*** DATASET RECORDS ***

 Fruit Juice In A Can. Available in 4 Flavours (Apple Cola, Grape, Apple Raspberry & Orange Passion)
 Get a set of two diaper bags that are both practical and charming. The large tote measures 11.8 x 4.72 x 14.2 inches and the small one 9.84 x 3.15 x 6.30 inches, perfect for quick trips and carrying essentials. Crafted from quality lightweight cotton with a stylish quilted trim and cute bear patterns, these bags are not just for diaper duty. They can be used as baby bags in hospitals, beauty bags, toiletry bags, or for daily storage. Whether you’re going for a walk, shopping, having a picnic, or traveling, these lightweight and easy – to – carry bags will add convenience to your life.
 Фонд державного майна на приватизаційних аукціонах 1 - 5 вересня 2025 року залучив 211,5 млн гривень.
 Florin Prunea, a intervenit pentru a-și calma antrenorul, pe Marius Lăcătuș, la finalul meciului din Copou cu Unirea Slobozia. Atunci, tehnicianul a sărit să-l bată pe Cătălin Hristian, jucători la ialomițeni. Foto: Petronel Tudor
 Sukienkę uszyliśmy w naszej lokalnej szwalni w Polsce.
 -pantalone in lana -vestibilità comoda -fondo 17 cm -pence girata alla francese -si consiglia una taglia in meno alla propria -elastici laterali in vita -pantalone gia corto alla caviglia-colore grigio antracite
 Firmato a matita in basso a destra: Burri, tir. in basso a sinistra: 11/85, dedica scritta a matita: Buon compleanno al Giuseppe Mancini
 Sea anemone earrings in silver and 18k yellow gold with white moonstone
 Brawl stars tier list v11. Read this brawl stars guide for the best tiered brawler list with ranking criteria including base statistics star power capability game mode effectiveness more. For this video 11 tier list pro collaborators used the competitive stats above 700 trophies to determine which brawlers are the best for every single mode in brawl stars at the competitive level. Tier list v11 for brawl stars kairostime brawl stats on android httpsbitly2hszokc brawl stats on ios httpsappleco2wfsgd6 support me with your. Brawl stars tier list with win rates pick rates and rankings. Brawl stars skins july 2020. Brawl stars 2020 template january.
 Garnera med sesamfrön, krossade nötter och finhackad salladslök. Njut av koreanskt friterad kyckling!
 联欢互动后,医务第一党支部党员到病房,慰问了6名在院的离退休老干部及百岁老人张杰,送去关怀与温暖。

*** End of DATASET RECORDS ***
*** DATASET RECORDS ***

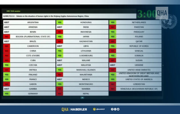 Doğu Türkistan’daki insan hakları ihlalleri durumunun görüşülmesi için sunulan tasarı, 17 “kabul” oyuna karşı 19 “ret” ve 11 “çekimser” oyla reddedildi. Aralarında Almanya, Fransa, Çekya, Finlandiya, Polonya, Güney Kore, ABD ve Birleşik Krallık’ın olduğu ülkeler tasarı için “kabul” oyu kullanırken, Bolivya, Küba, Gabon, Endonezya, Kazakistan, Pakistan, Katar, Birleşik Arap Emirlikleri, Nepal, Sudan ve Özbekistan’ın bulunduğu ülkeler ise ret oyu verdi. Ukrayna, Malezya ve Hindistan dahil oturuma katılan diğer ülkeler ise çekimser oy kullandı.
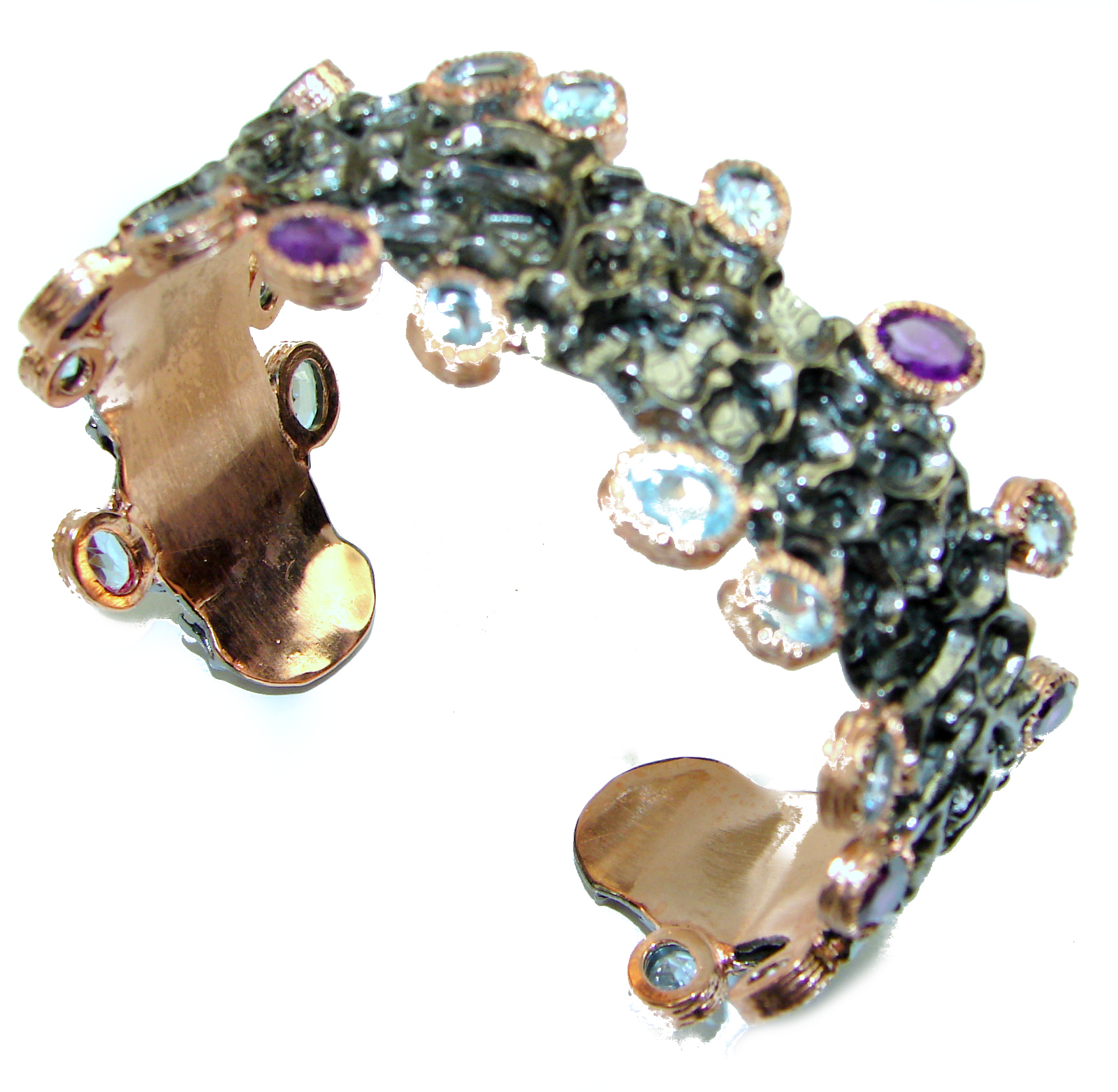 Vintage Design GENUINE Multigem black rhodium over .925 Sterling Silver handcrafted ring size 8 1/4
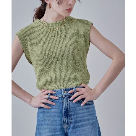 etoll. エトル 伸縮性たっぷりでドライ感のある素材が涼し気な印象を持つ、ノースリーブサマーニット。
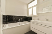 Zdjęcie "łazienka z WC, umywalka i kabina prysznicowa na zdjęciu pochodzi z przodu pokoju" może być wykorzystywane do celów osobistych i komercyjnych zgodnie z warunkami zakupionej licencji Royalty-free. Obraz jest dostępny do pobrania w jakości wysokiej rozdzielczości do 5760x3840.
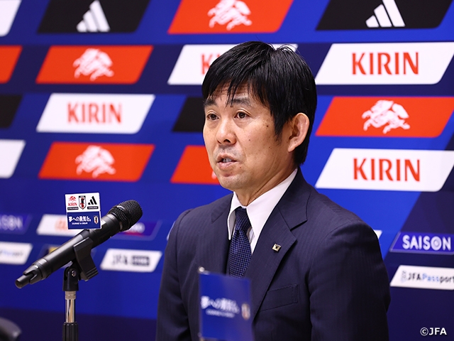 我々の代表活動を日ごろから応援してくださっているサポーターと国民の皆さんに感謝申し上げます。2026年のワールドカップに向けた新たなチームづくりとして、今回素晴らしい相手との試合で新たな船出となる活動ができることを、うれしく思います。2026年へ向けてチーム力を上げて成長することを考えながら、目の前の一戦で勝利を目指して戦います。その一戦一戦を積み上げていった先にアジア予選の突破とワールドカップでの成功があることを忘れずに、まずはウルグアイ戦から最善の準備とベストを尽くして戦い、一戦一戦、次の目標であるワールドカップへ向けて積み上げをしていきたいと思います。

*** End of DATASET RECORDS ***

Retype the entries above exactly, but only from the line containing "Brawl stars tier list v11." through the line containing "联欢互动后,医务第一党支部党", both included.

 Brawl stars tier list v11. Read this brawl stars guide for the best tiered brawler list with ranking criteria including base statistics star power capability game mode effectiveness more. For this video 11 tier list pro collaborators used the competitive stats above 700 trophies to determine which brawlers are the best for every single mode in brawl stars at the competitive level. Tier list v11 for brawl stars kairostime brawl stats on android httpsbitly2hszokc brawl stats on ios httpsappleco2wfsgd6 support me with your. Brawl stars tier list with win rates pick rates and rankings. Brawl stars skins july 2020. Brawl stars 2020 template january.
 Garnera med sesamfrön, krossade nötter och finhackad salladslök. Njut av koreanskt friterad kyckling!
 联欢互动后,医务第一党支部党员到病房,慰问了6名在院的离退休老干部及百岁老人张杰,送去关怀与温暖。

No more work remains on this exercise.